This looks weird, someone forgot to properly resolve the merge conflict?

EDIT: or am I just being stupid and you added that to show it's present?


----------



## DutchDaemon (Dec 12, 2018)

yuripv said:


> This looks weird, someone forgot to properly resolve the merge conflict?
> 
> EDIT: or am I just being stupid and you added that to show it's present?

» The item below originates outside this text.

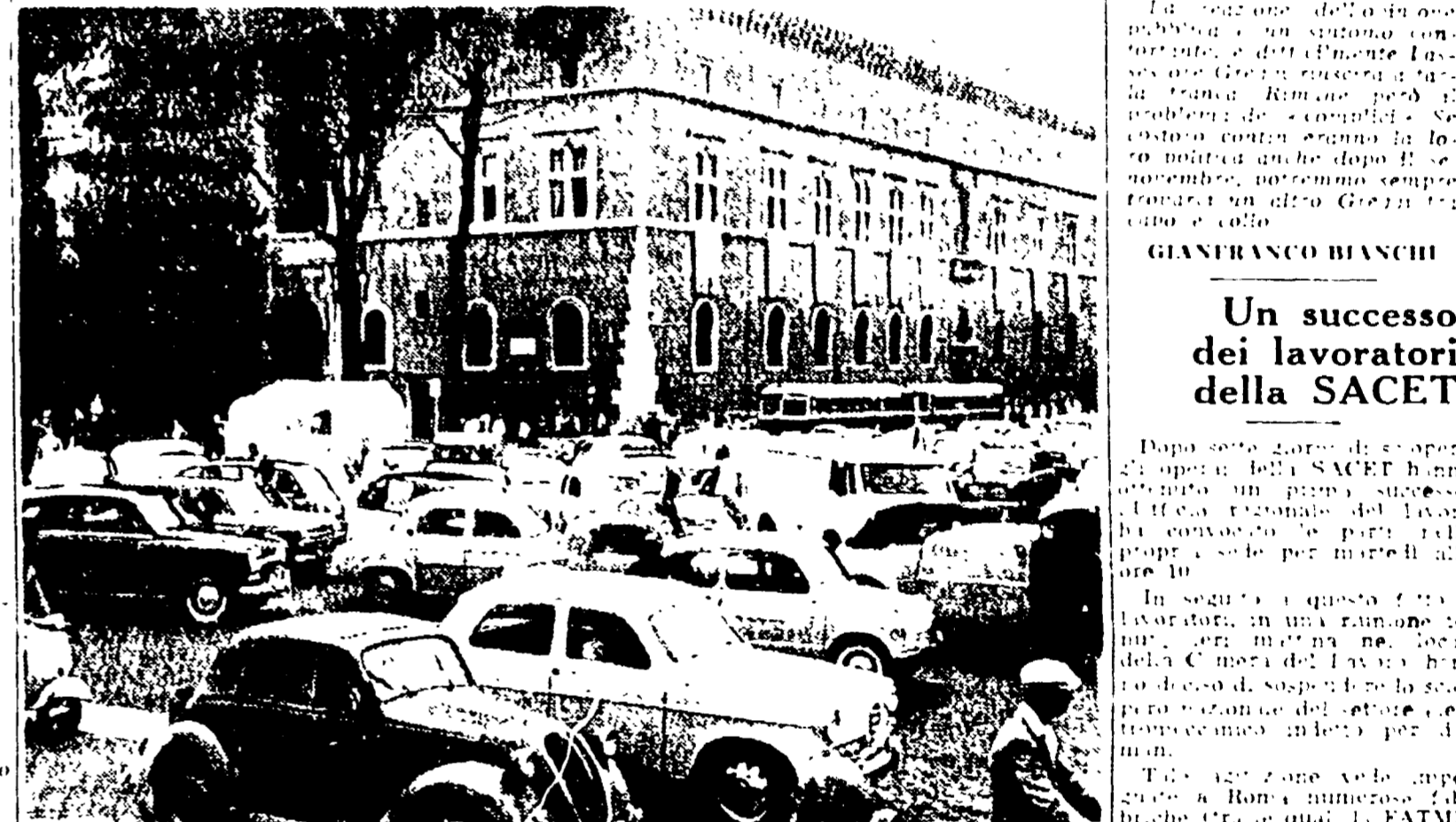
Traffico paralizzato in un'ora di punta a Piazza Venezia

Il «Quotidiano» non sta facendo un lavoro di inchiesta per il traffico. L'altro ieri, se ne è parlato con un certo numero di esponenti del partito, che avevano preso la parola per esprimere il loro parere sul problema.

"Emphasis mine" -- that was it.


----------



## DutchDaemon (Dec 12, 2018)

BTW, the install order here was:
`freebsd-update upgrade -r 12.0-RELEASE`
`freebsd-update install`
`shutdown -r now`
`.. poudriere build of new packages in a fresh 12.0 jail ...`
`pkg upgrade -fy`
`service -R`
`freebsd-update install`


----------



## abishai (Dec 12, 2018)

Is it release 'feature' ? I run RC2 on my laptop normally.


----------



## drhowarddrfine (Dec 12, 2018)

When upgrading my little server, I noticed one of the manual changes was for cron. I didn't save it, and I didn't care for that throwaway server, but it changed one of the numeric values from something like 100 to 1000. I'm on my phone so I guess that's most unhelpful but something someone can look into if it applies  to anything.


----------



## eydaimon (Dec 12, 2018)

Seems that restarting the service fixed the problem for me.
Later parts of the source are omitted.